Previous Search System
Search at Coursera has undergone two major revamps. Our initial approach was to return all the course data and search on the frontend. This approach became untenable as our catalog grew to hundreds of courses. We then revamped and constructed a search system powered by Solr. The architecture is as follows:
We indexed data from our online systems. We extracted associated metadata such as the instructors’ names. We supported features such as spell checking, stemming, stop word filtering, and word canonicalization. As seen in the above figure, there is complexity around data retrieval and processing by relying upon online systems.
For relevance tuning, our Solr schema contained fields with hand-tuned weights. For instance, the title of a course should have more influence on the score than the description. We also had a dynamic boosting system that allowed for behaviors like boosting the scores of documents in the learner’s native language. Lastly, a reranking module allowed for skills-based search by taking the Solr-scored entities and applying custom reorderings for specific types of queries.
This system has powered our search for the last four years, but we faced some challenges:
- The indexing code became complicated and hard to iterate on: We are doing many data transformations, but we cannot reuse many of the same pieces of logic that power our data warehouse because indexing is done by pulling data from production APIs.
- Relevance tuning is complex: The dismax scoring system powering Solr is is complicated. Boosting requires careful reading of documentation [pf vs qf?], and reranking is a separate system outside of Solr. This means search engineers and data scientists need to keep a large amount of knowledge in context to make small changes to relevance rankings. Product managers and non-search engineers do not have visibility into relevance.
- Schema migration is an involved and complex process: We need support from our infrastructure team to add fields to our indices and to change Solr configurations.

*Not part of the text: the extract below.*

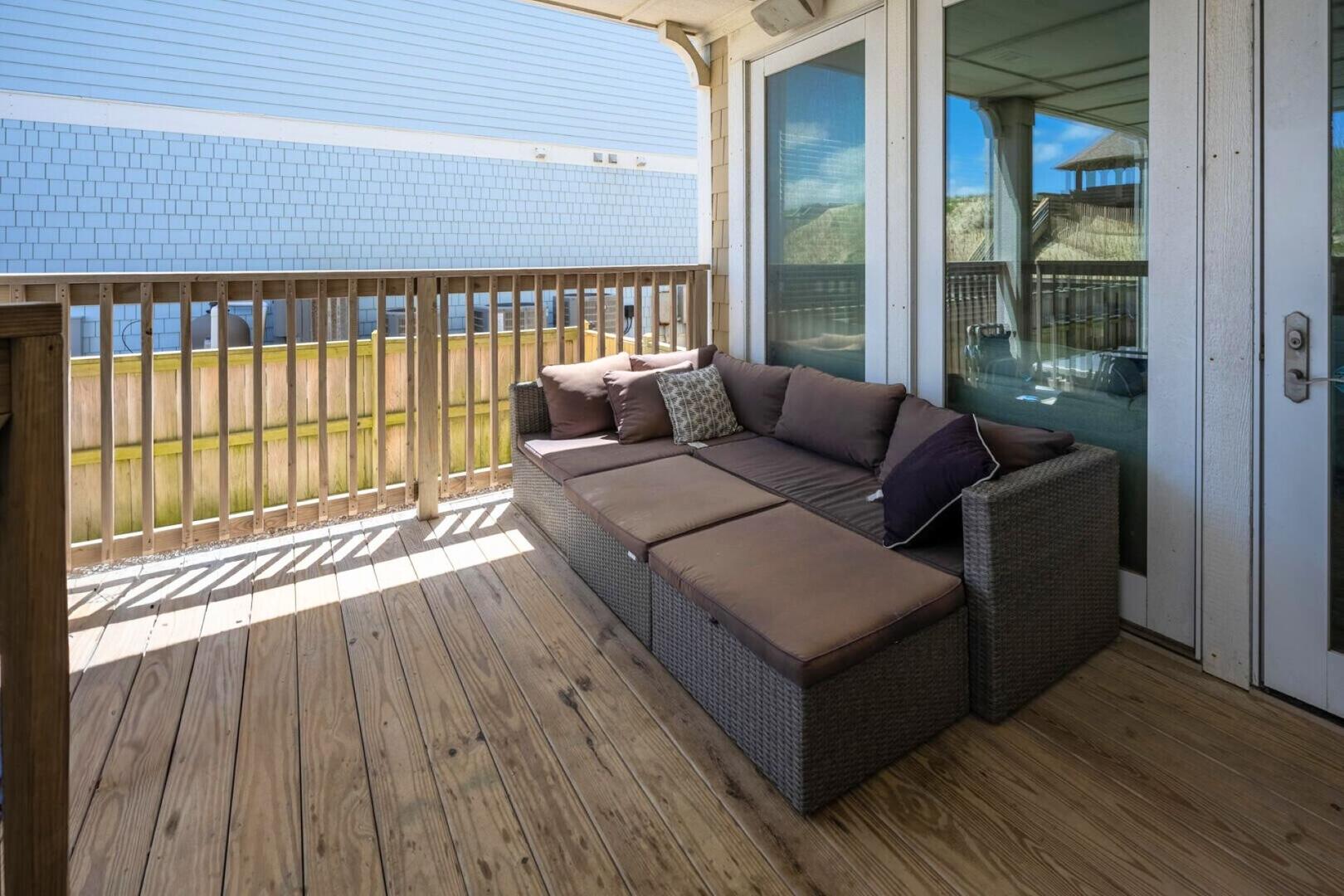 On the second level, you will find two additional King En Suites. One offers semi-ocean views with access to the deck, while the other provides ample space to unwind and includes a flat-screen TV. This level is also home to a good time, featuring a recreation room with a pool table and foosball table, a theater room with a kitchenette perfect for movie nights, and a covered patio where you can savor the fresh ocean breezes.

- UI iteration is hard: We want to experiment with different types of search UI, like having rich contextual autocomplete. But this requires reconfiguring the data processing, indexing, APIs, and the front end.
The main requirements we identified as we looked at iterating on search are the following:
- For relevance tuning, we want the ability to easily combine document reranking with document relevance scores.

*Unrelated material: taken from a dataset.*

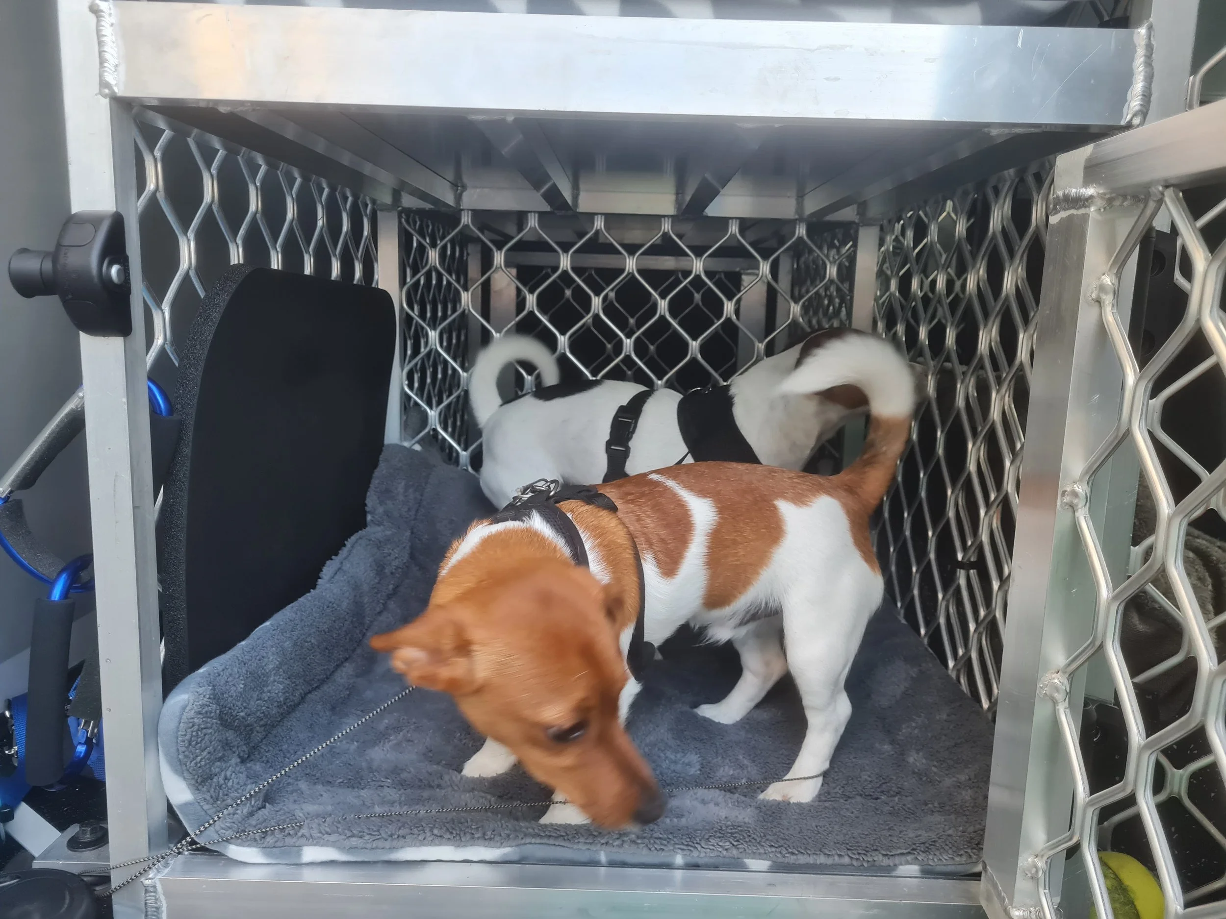 We have specially designed cages for our small pooches to arrive back home with no bumps or lumps.

- On the backend, we should have the ability to easily modify documents and modify schemas without migration costs.
- On the front end, UI iteration should not be blocked by our search system. This means having a set of widgets that we can style, and a clean integration with the backend system that allows us to not have to think about data fetching and API calls.
In our current system, the median response time is several hundred milliseconds, which blocks experiences like search-as-you-type. Our new search system should return all the data necessary to power the search experience, while trimming the median response time to less than 10ms.
Where we are today with Algolia
Today, we’ve simplified the search system by:
- Processing is consolidated within our Enterprise Data Warehouse [EDW]. Data scientists and engineers can use familiar tools such as notebooks to process the data to be indexed for search. To begin, we’ve ported the processing logic in our Solr search system, including skills-based search. A standard workflow for exporting the data to Algolia is then used to take the processed data and populate them as Algolia indices.
- Tuning is done through the Algolia UI. Algorithmic iterations happen here. For instance, skills-based search is implemented by adding a custom ranking criteria.
- Displaying is utilizing the react-instantsearch library. This productive UI widget library allows us to not worry about low-level concerns like maintaining search state or APIs.
In the future
In the future, we envision a search system that is flexible in incorporating data, allows for algorithmic innovation, and powers all of our content discovery. We’re not there yet, but by factoring the search system into processing, tuning, and display, we’re one step closer.